Second, Rosen states that a majority of Americans agree that "late" abortions, defined by him as those taking place in the "second trimester," should be illegal, and he asserts that the second trimester is "when the fetus becomes viable," However, the second trimester is generally considered to run from the fourteenth week of pregnancy until the twenty-sixth week, and viability does not occur until the very end of the second trimester or the beginning of the third trimester, around 24 to 28 weeks of pregnancy. Moreover, the same poll cited by Rosen also indicates that the majority of Americans still think Roe was a good thing for the country and that abortions should be available when a woman's health is endangered, as well as in cases of fetal anomaly.
Third, Rosen is wrong when he claims "Roe is not hanging by a thread" and when he downplays the importance of justice Kennedy's dissent in Carhart. The point on which Justice Kennedy dissented in that case, and the reason his opinion has caused such alarm among supporters of the right to choose abortion, was the Court's reaffirmation of a woman's right to obtain abortions in a way that preserves her health. Under Kennedy's reasoning, a state would be able to legislate the way in which the physician performs the abortion without regard to the woman's health, and even if the legislation adds unnecessary risks.

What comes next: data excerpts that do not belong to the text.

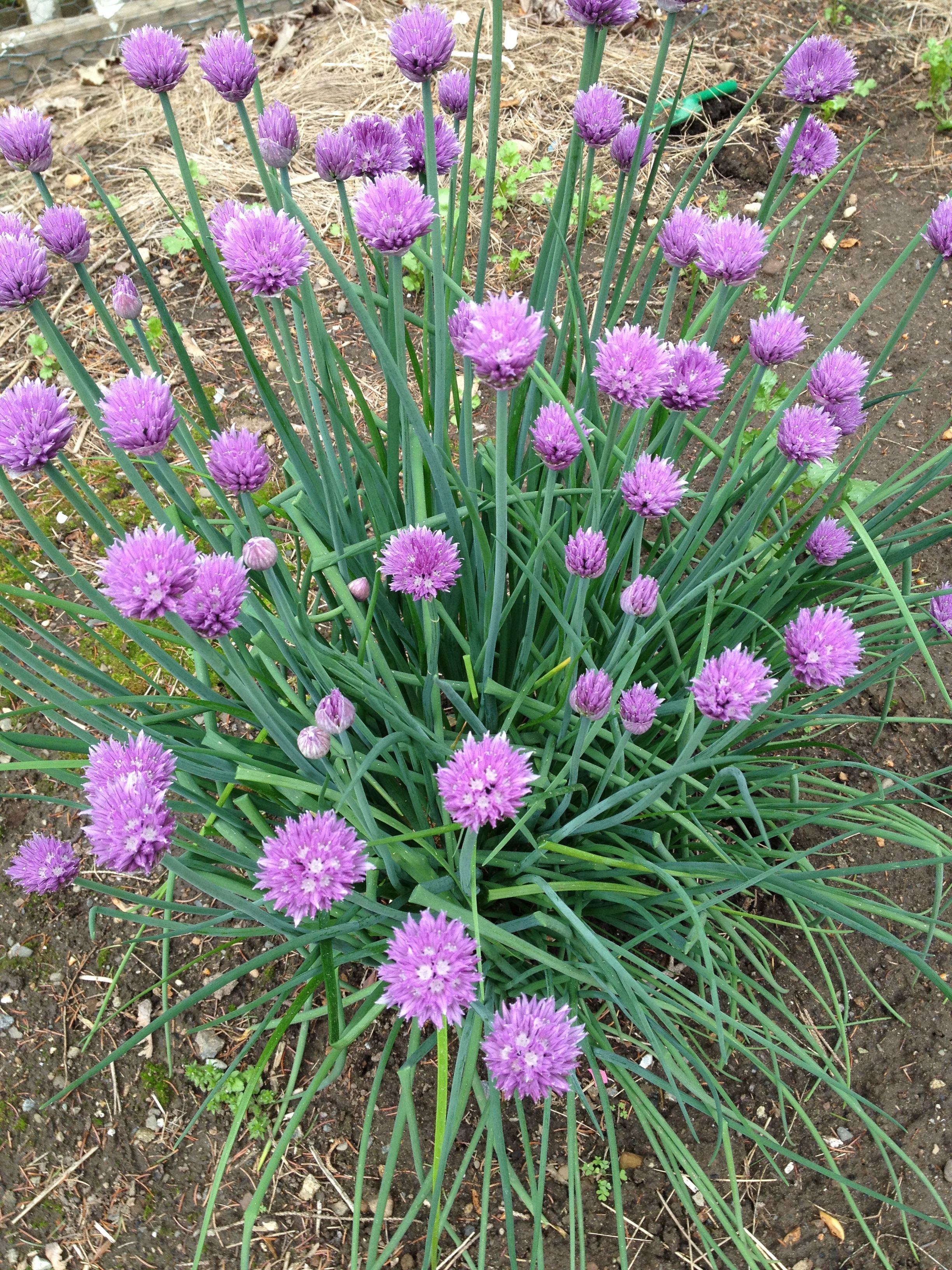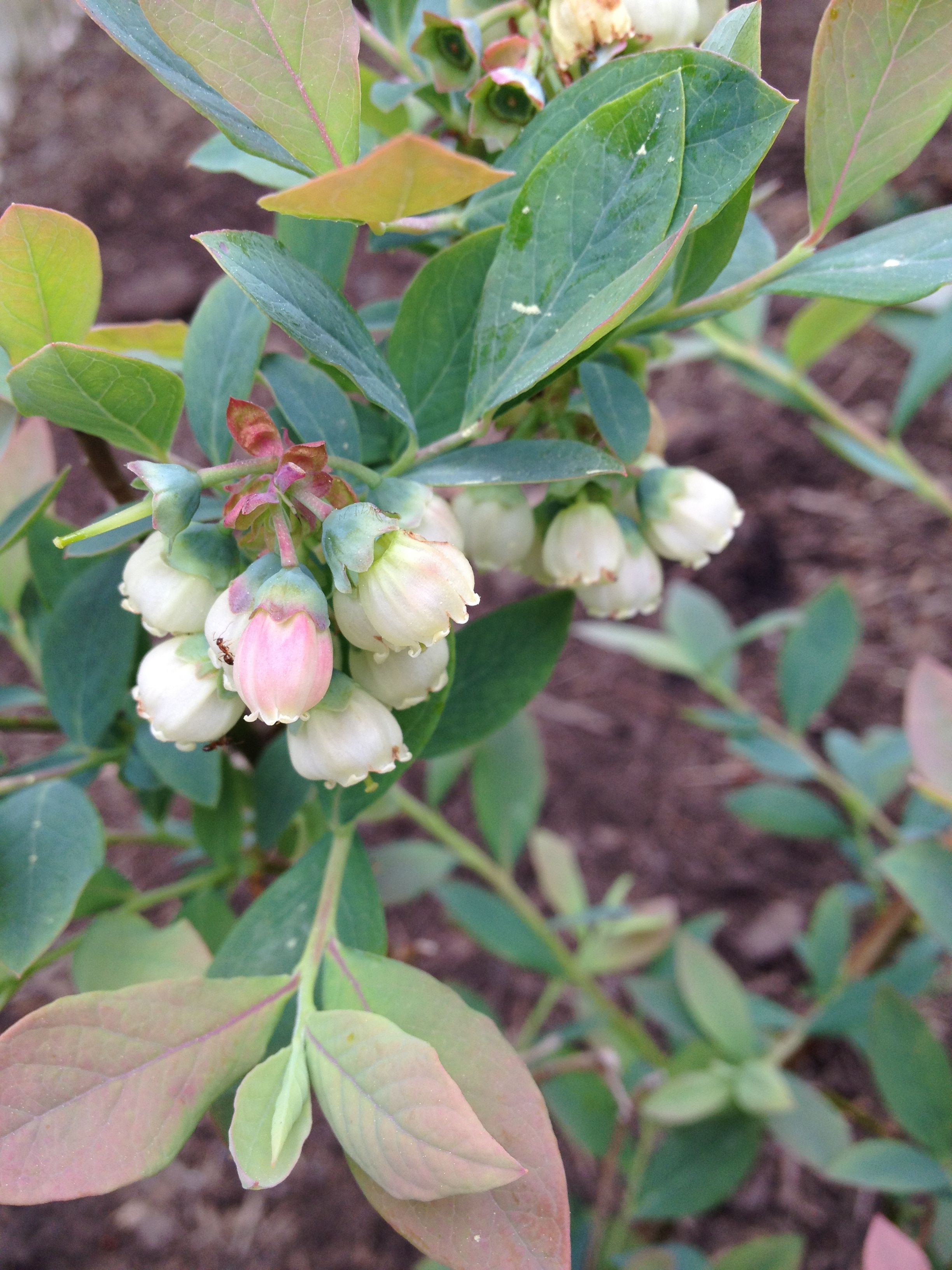 Some strawberries are forming, but until I find a way to keep out the squirrels and chipmunks we’ll be lucky to harvest any. The chives and blueberry bushes are in bloom.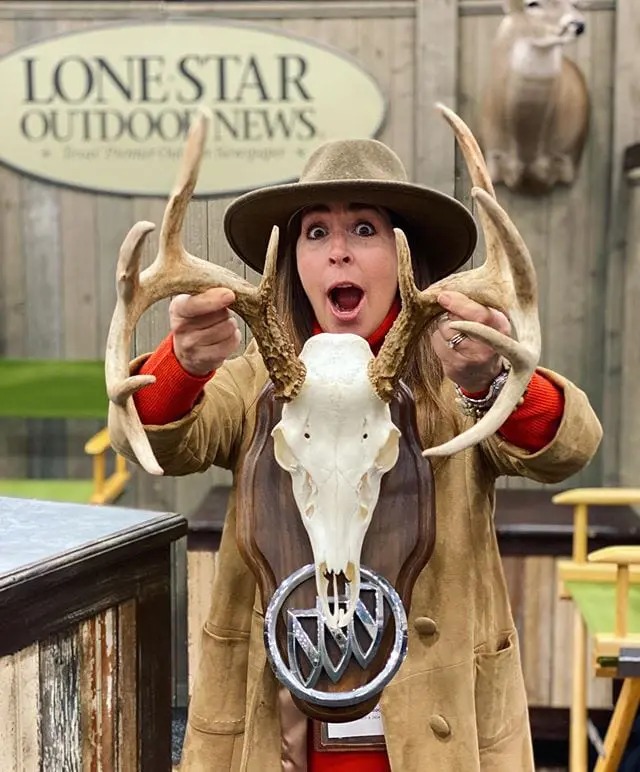 We are calling this guy the “Buick Buck.” He ran across the road on the way to the ranch for Thanksgiving last year. Adrienne’s first buck ever will be one she will never forget. Had to mount him with the sign of the totaled car. #lonestaroutdoornews #dscshow2020 #dsc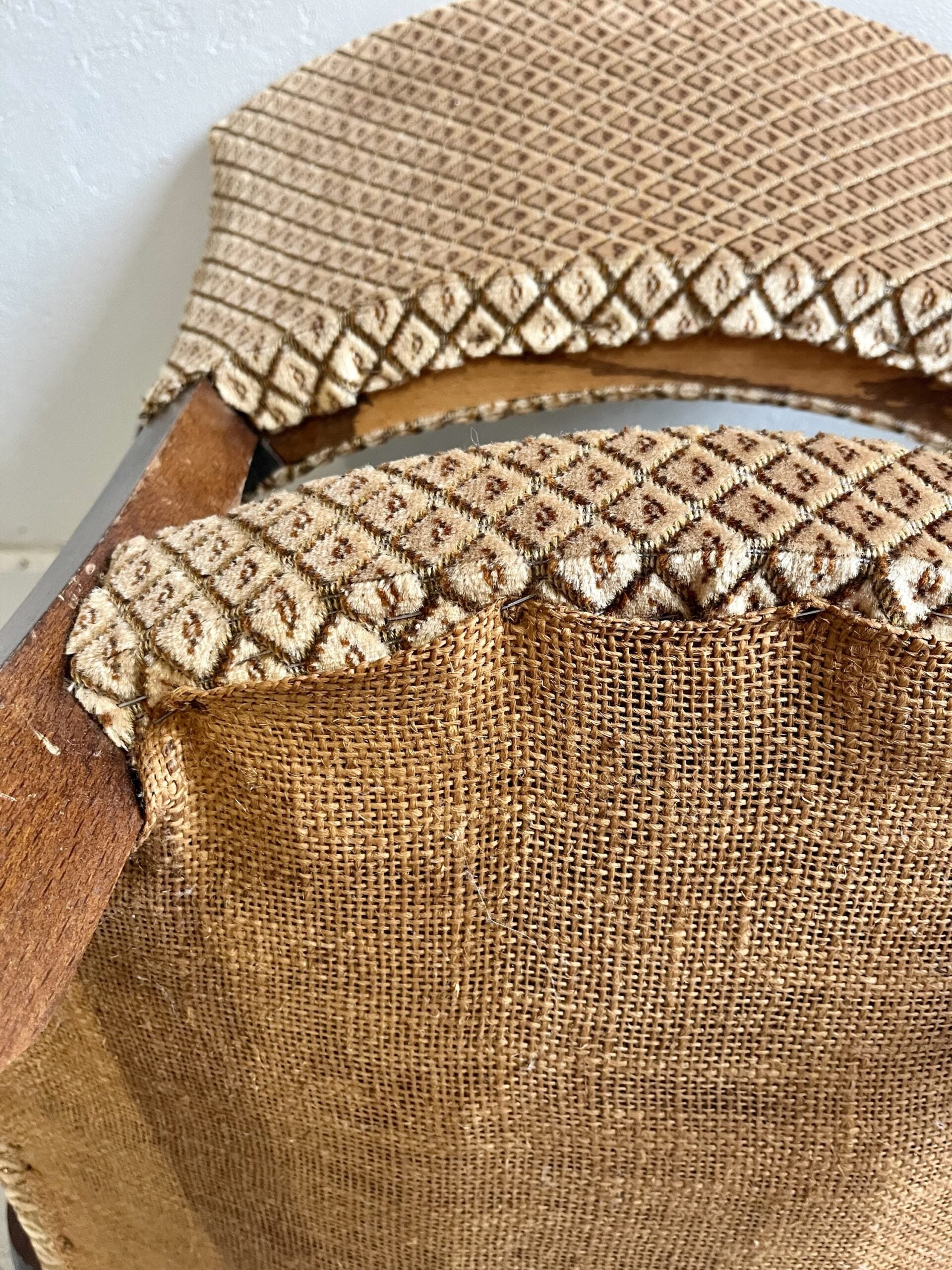 Fauteuil bridge ancien en bois, avec assise et dossier rembourrés recouverts d’un tissu beige à petits motifs géométriques. Une pièce confortable et simple, typique des années 40–50.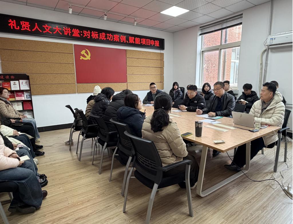3月10日,今年会官方网站主办、艺术与设计学院承办的礼贤人文大讲堂第一百一十四讲在市北校区二号教学楼228会议室举行。青岛大学张成义教授受邀作题为《对标成功案例、赋能项目申报》的专题讲座。艺术与设计学院院长朱宏轩教授、副院长丁南教授和申报2025年度高水平项目的全体教师参加了讲座,讲座由朱宏轩院长主持。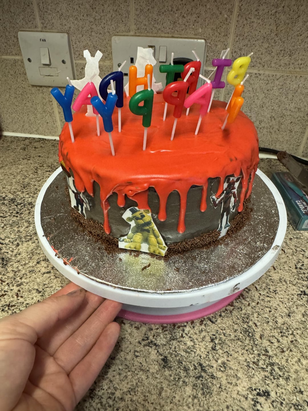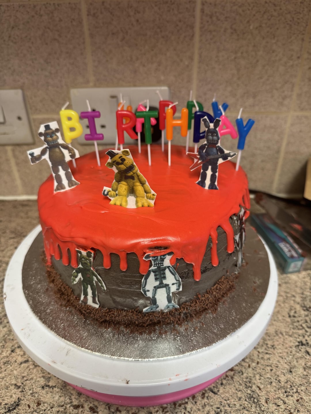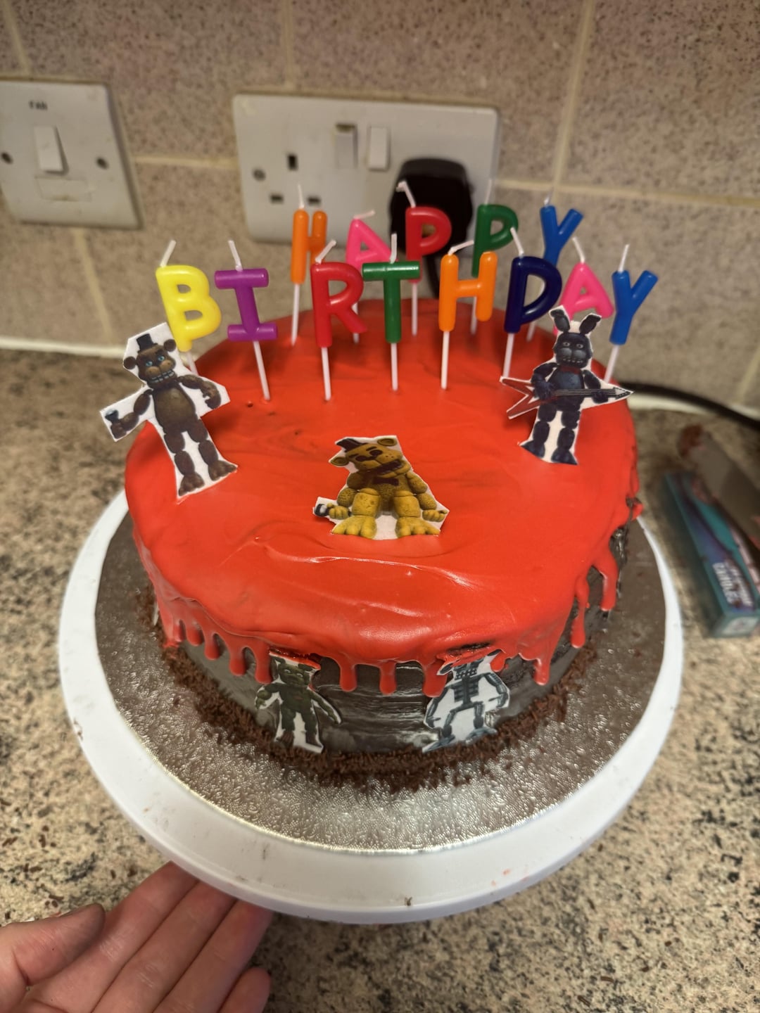 The Mrs made a five nights at Freddy’s birthday cake ( first attempt)chocolate and caramel 🤤 🍫 🎂by ma2sk 5 Comments NewbieMaleStr8isBack 1 year ago Nice notakuriboh 1 year ago The cutouts could’ve been neater… maybe trace around it with a scalpel Globewanderer1001 1 year ago Is that edible rice paper or similar? You typically don’t want to put inedible items all over your frosting.I’ll use edible paper, flowers, gum paste, etc… Curious-Tart6854 1 year ago Good job for first attempt!! It looks delicious!! 👏👏 KitKatTheBratQueen 1 year ago Use a toothpick on the back of the cutouts to hold them up better!! the cake looks delicious and my preggo self wants it bad 😭Write A CommentYou must be logged in to post a comment.

Finally, Rosen's idea that it would be good for pro-choice Americans to subject to majority control the right of individual women to control their own bodies, Co terminate their pregnancies, and to choose the safest procedure modern medicine has to offer at best reveals naïveté about the power of those who believe women should be forced to carry unwanted pregnancies to term; and it reveals ignorance about the burden of pregnancy and childbirth. The fact is, whether it is twelve states that would ban abortions immediately upon reversal of Roe or "only" a few, as Rosen predicts, these bans would force thousands of individual women to carry unwanted pregnancies to term or to obtain illegal procedures at risk to life and health. Working to protect the rights of women to preserve the integrity of their bodies is not "extreme," as Rosen would have it; it is what the American tradition of liberty and self-determination is all about.
PRISCILLA J. SMITH
Director, Domestic Legal Program
Center for Reproductive Rights
Counsel for Plaintiff LeRoy Carhart in
Stenberg v. Carhart
New York, New York
JEFFREY ROSEN REPLIES:
LIKE THE INTEREST GROUPS THEY represent, Kate Michelman and Priscilla J. Smith continue to conflate restrictions on late-term abortions, which most Americans support, with bans on early-term abortions, which most Americans oppose. I argued that Congress, the state legislatures, and the courts should not make the same error, and nothing in their letters calls this conclusion into question. Both of them, however, incorrectly characterize Justice Kennedy's dissent in the Stenberg case, where he reaffirmed his belief that, before viability, a state may deny "no woman the right to choose an abortion" and, after viability, it may place "no undue burden upon the right." For better or for worse. Roe won't be overturned any time soon.